◆ TASK
Retype every line of the data below, starting with the first and ending with the line that contains "조문객이 묵념하고 있다. |", but leave out the pictures.

[Opening DATASET SECTION section]

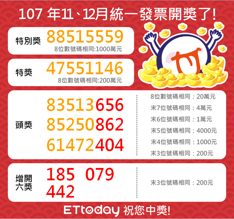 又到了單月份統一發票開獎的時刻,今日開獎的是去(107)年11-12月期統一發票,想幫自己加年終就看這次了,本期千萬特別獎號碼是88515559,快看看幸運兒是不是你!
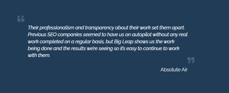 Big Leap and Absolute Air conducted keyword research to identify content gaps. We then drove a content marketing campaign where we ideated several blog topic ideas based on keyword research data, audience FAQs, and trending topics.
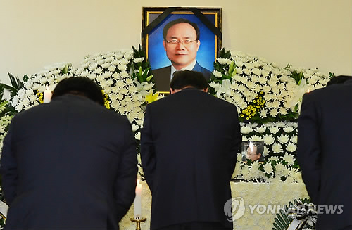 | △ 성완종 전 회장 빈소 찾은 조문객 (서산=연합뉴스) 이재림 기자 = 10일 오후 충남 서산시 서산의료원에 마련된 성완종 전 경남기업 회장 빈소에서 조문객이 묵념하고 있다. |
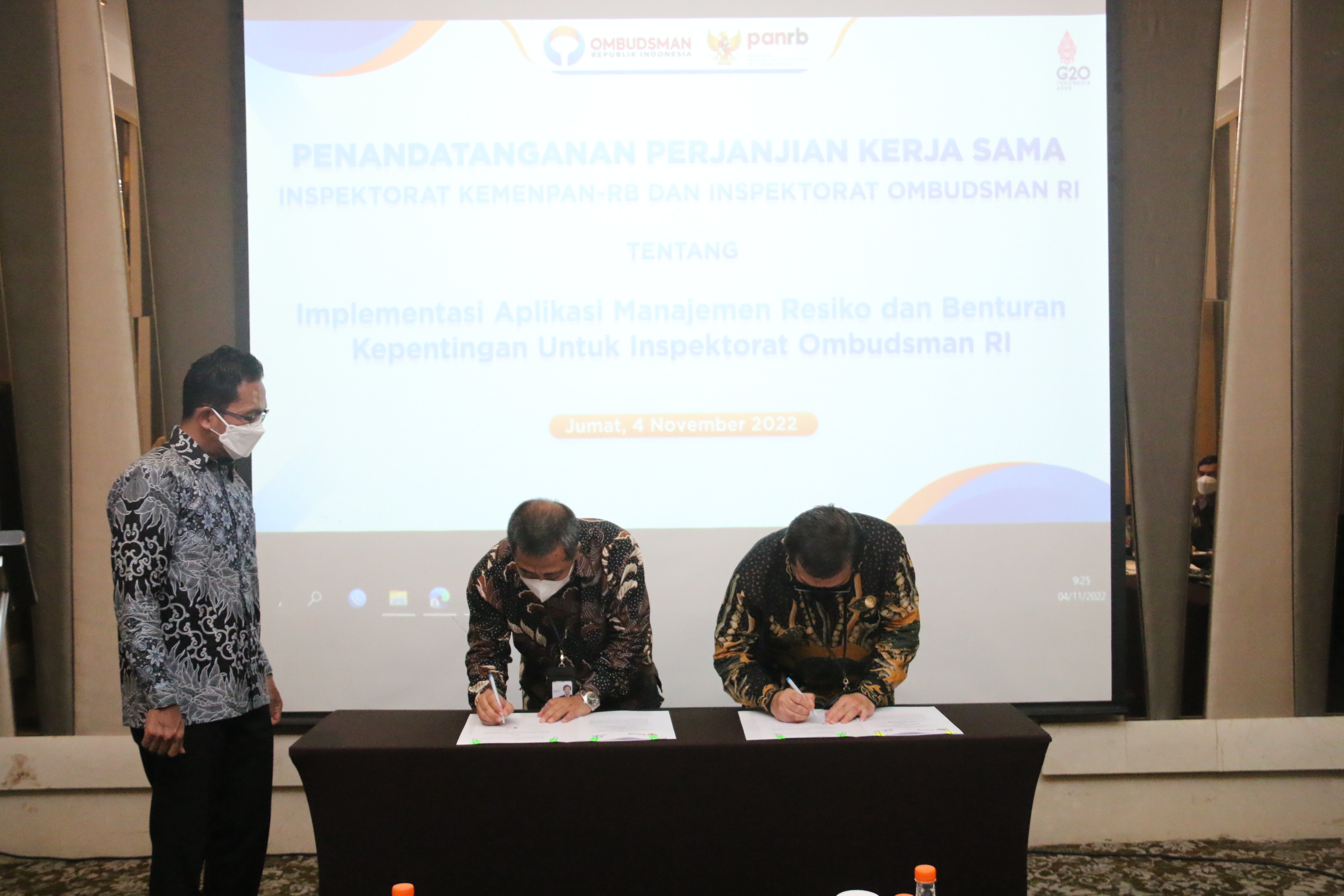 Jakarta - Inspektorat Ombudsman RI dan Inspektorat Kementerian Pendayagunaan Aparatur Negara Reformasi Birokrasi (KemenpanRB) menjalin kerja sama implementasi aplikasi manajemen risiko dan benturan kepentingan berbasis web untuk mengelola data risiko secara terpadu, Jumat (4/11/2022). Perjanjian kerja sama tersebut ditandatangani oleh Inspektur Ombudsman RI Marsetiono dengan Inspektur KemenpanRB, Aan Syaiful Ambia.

[Closing DATASET SECTION section]

◆ TASK OUTPUT
 又到了單月份統一發票開獎的時刻,今日開獎的是去(107)年11-12月期統一發票,想幫自己加年終就看這次了,本期千萬特別獎號碼是88515559,快看看幸運兒是不是你!
 Big Leap and Absolute Air conducted keyword research to identify content gaps. We then drove a content marketing campaign where we ideated several blog topic ideas based on keyword research data, audience FAQs, and trending topics.
 | △ 성완종 전 회장 빈소 찾은 조문객 (서산=연합뉴스) 이재림 기자 = 10일 오후 충남 서산시 서산의료원에 마련된 성완종 전 경남기업 회장 빈소에서 조문객이 묵념하고 있다. |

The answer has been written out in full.